Return verbatim the run of lines that opens with the line holding "I begin with" and closes with the last line of the records.

───── Study material ─────

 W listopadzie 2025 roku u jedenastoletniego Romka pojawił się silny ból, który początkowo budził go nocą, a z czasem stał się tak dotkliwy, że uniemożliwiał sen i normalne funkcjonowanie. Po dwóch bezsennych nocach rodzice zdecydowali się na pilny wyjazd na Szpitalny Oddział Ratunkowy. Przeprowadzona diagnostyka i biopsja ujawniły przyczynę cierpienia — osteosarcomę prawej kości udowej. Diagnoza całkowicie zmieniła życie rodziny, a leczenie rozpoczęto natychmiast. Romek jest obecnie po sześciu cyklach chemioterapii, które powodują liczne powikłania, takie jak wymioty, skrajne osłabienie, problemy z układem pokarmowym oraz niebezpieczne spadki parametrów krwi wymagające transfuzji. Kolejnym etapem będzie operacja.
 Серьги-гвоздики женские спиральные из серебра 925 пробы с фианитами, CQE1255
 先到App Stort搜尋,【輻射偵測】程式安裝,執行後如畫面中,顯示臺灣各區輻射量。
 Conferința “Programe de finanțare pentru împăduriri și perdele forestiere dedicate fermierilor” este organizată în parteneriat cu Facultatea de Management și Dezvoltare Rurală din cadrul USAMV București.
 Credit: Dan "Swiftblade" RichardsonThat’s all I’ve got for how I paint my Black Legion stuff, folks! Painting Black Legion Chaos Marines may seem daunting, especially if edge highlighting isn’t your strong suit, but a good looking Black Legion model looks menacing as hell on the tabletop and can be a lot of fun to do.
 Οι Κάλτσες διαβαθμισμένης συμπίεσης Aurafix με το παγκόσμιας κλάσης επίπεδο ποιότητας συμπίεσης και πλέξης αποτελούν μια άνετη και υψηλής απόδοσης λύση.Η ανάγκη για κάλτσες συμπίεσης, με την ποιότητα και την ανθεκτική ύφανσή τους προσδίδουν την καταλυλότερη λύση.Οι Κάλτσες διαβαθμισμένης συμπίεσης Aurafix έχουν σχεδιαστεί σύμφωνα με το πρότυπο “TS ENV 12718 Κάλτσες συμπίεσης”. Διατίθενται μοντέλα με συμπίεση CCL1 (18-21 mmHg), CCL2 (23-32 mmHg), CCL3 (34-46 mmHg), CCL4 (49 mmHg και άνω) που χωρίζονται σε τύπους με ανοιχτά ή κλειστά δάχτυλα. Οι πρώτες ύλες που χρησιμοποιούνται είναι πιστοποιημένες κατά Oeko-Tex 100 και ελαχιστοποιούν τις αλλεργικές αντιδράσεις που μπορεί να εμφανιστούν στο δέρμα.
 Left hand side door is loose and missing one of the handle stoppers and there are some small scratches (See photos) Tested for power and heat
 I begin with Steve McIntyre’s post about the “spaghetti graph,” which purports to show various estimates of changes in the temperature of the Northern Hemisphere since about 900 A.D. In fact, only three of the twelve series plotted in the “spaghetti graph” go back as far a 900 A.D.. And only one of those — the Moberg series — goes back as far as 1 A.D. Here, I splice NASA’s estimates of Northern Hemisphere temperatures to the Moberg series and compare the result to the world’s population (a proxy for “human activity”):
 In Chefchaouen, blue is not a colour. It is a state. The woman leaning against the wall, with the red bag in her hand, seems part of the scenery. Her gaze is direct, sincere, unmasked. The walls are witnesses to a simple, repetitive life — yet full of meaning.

─────

__Answer below__
 I begin with Steve McIntyre’s post about the “spaghetti graph,” which purports to show various estimates of changes in the temperature of the Northern Hemisphere since about 900 A.D. In fact, only three of the twelve series plotted in the “spaghetti graph” go back as far a 900 A.D.. And only one of those — the Moberg series — goes back as far as 1 A.D. Here, I splice NASA’s estimates of Northern Hemisphere temperatures to the Moberg series and compare the result to the world’s population (a proxy for “human activity”):
 In Chefchaouen, blue is not a colour. It is a state. The woman leaning against the wall, with the red bag in her hand, seems part of the scenery. Her gaze is direct, sincere, unmasked. The walls are witnesses to a simple, repetitive life — yet full of meaning.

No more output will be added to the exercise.